Namun dalam praktiknya, luka-luka yang menimbulkan memar itu digolongkan
sebagai penganiayaan biasa sebagaimana dalam pasal 351 ayat (1) KUHP. Sebagai contoh
kasus dapat dilihat dalam Putusan Pengadilan Negeri Banda Aceh Nomor
33/PID.B/2013/PN-BNA. Dalam putusan tersebut bahwa terdakwa memukul kedua lengan
saksi dengan menggunakan gagang sapu. Akibat dari perbuatannya ini, terdakwa dihukum
berdasarkan pasal 351 ayat (1) KUHP tentang penganiayaan dengan hukuman pidana penjara
selama 2 (bulan) bulan.
Sebagai contoh lain juga dapat kita lihat dalam Putusan Pengadilan Tinggi
Bangka Belitung Nomor 25/PID/2011/PT BABEL. Dalam pemeriksaan di pengadilan
berdasarkan visum diketahui bahwa terdapat luka memar berwarna biru di kepala, tampak
luka memar di lengan belakang sebelah kanan berwarna biru, luka ini disebabkan karena
terdakwa memukul ke arah kepala saksi berkali-kali dengan menggunakan tangannya yang
mengepal. Akhirnya hakim menghukum atas dasae tindak pidana penganiayaan dalam pasal
351 ayat (1) KUHP dengan pidana penjara selama tiga bulan.

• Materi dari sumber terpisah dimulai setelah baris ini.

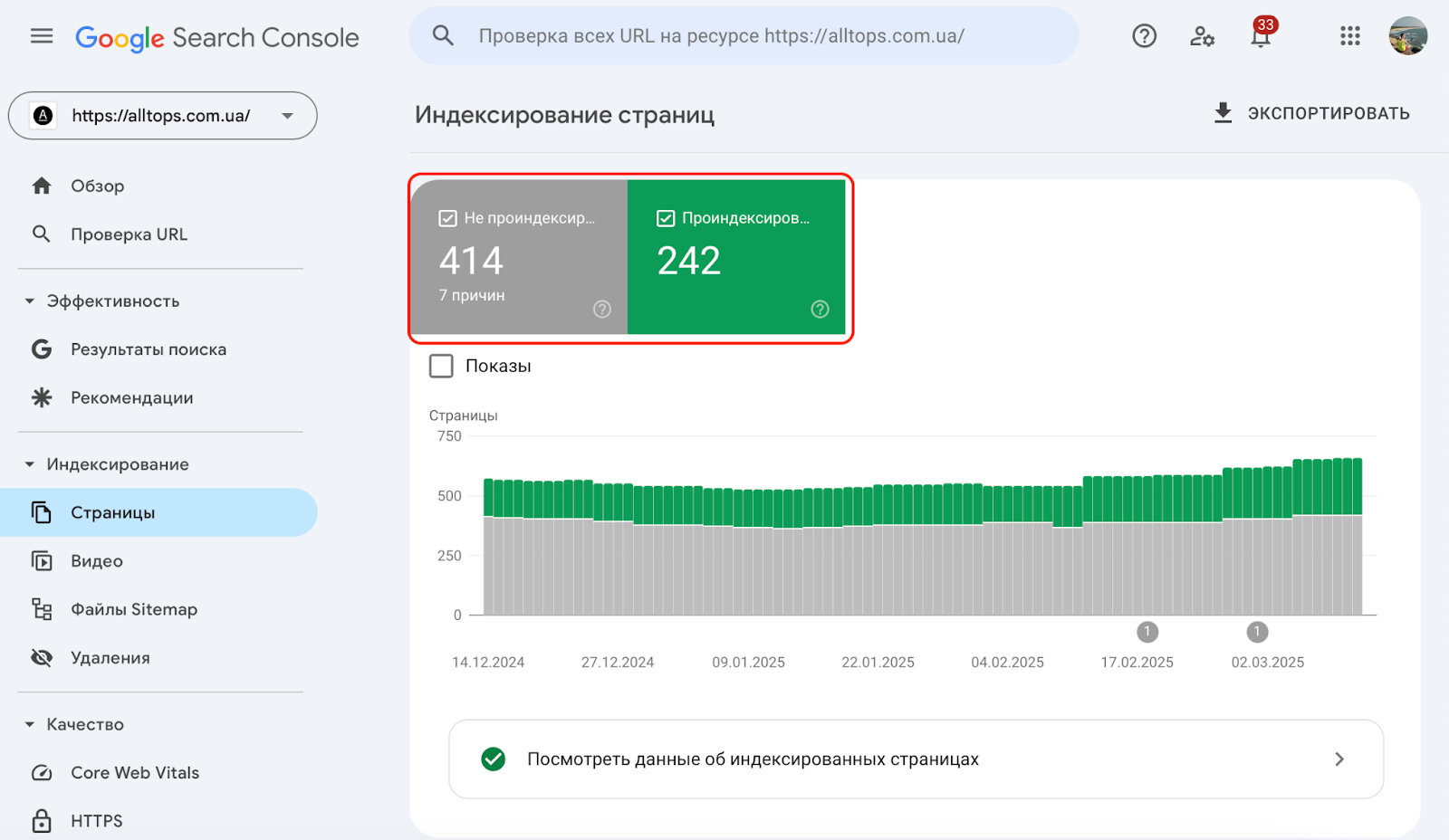 (Приклад визначення індексації сторінок у Google з допомогою Google Search Console)

Maka, sekali lagi terhadap kasus TN HT ini, kepada Ny MFJ dapat dikenakan
pasal 352 ayat (1) tentang perbuatan tindak pidana penganiayaan ringan dengan pidana
penjara paling lama tiga bulan atau denda paling banyak empat ribu lima ratus atau setara
dengan empat juta lima ratus ribu rupiah.

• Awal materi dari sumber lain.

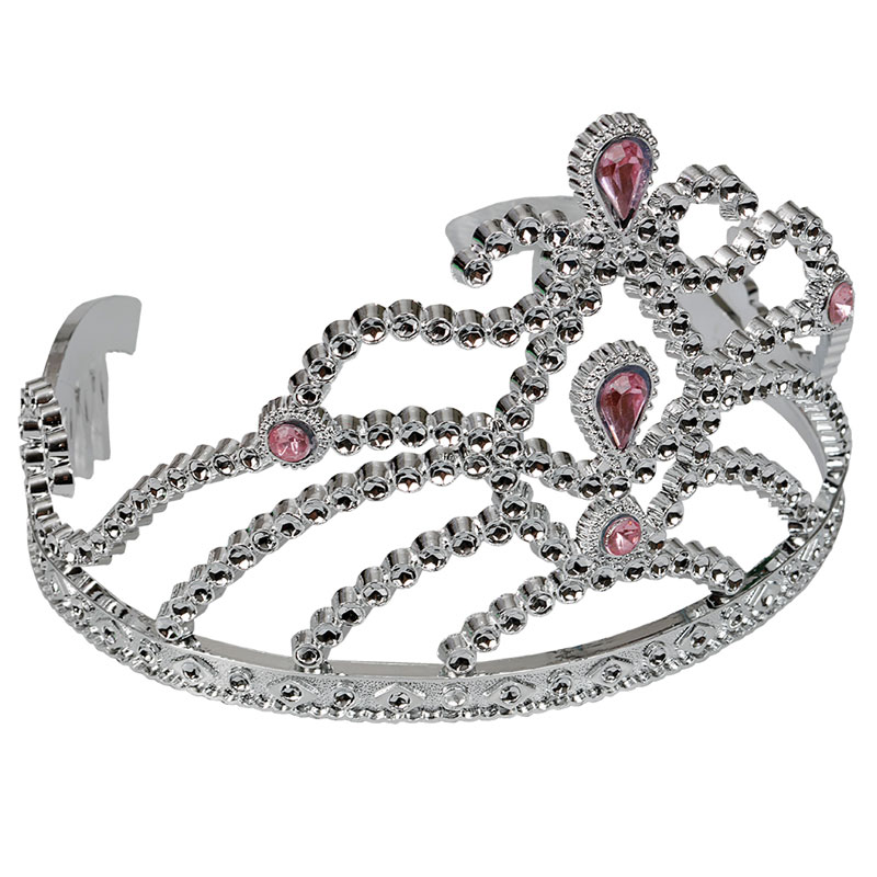 Prinsesstiara Rosa Diamanter består av en söt tiara i silver med dekorativa diamanter i ljusrosa. Tiaran är tillverkad i plast.

Lalu, mengenai perlindungan hukum terhadap Tn HT sebagai korban dari
kekerasan dalam rumah tangga pada dasarnya, perlindungan terhadap korban kekerasan
dalam rumah tangga atau yang biasa disingkat KDRT seperti yang dialami Tn HT ini
bertujuan memberikan rasa aman kepada korban terutama pada saat memberikan keterangan
pada setiap proses peradilan pidana. Selain itu Tn HT mendapatkan hak-hak tertentu seperti
yang dijelaskan dalam pasal 5 ayat (1) UU No. 31 tahun 2014 tentang perubahan atas UU No.

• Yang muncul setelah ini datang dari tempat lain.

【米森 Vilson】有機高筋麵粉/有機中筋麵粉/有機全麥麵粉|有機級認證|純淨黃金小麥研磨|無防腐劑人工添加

13 tahun 2006 tentang Perlindungan Saksi dan Korban. Seperti diketahui kekerasan dalam
rumah tangga telah diatur dalam UU No. 23 tahun 2004 tentang Penghapusan Kekerasan
Dalam Rumah Tangga. Ketentuan UU tersebut telah mengatur sejumlah delik pidana yang
dapat terjadi dalam tindakan KDRT. Dengan demikian dalam hal ini terkait korban dalam
tindak pidana KDRT berhak memperoleh hak sebagaimana diatur dalam ketentuan pasal 5, 6,
dan pasal 7 dalam UU No. 31 tahun 2014, dan tentunya berhak mendapat perlindungan dari
LPSK( Lembaga perlindungan Saksi dan Korban). Selain itu juga dalam UU No. 23 tahun
2004 pasal 10 dijelaskan hak-hak korban KDRT yang terdiri atas lima macam hak,
diantaranya : perlindungan dari pihak keluarga, kepolisian, kejaksaan, pengadilan, advokat,
lembaga sosial, atau pihak lainnya baik sementara maupun berdasarkan penetapan perintah
perlindungan dari pengadilan; pelayanan kesehatan sesuai dengan kebutuhan medis;
penanganan secara khusus berkaitan dengan kerahasiaan korban; pendampingan oleh pekerja
sosial dan bantuan hukum pada setiap tingkat proses pemeriksaan sesuai dengan ketentuan
peraturan per-uu-an, dan pelayanan bimbingan rohani.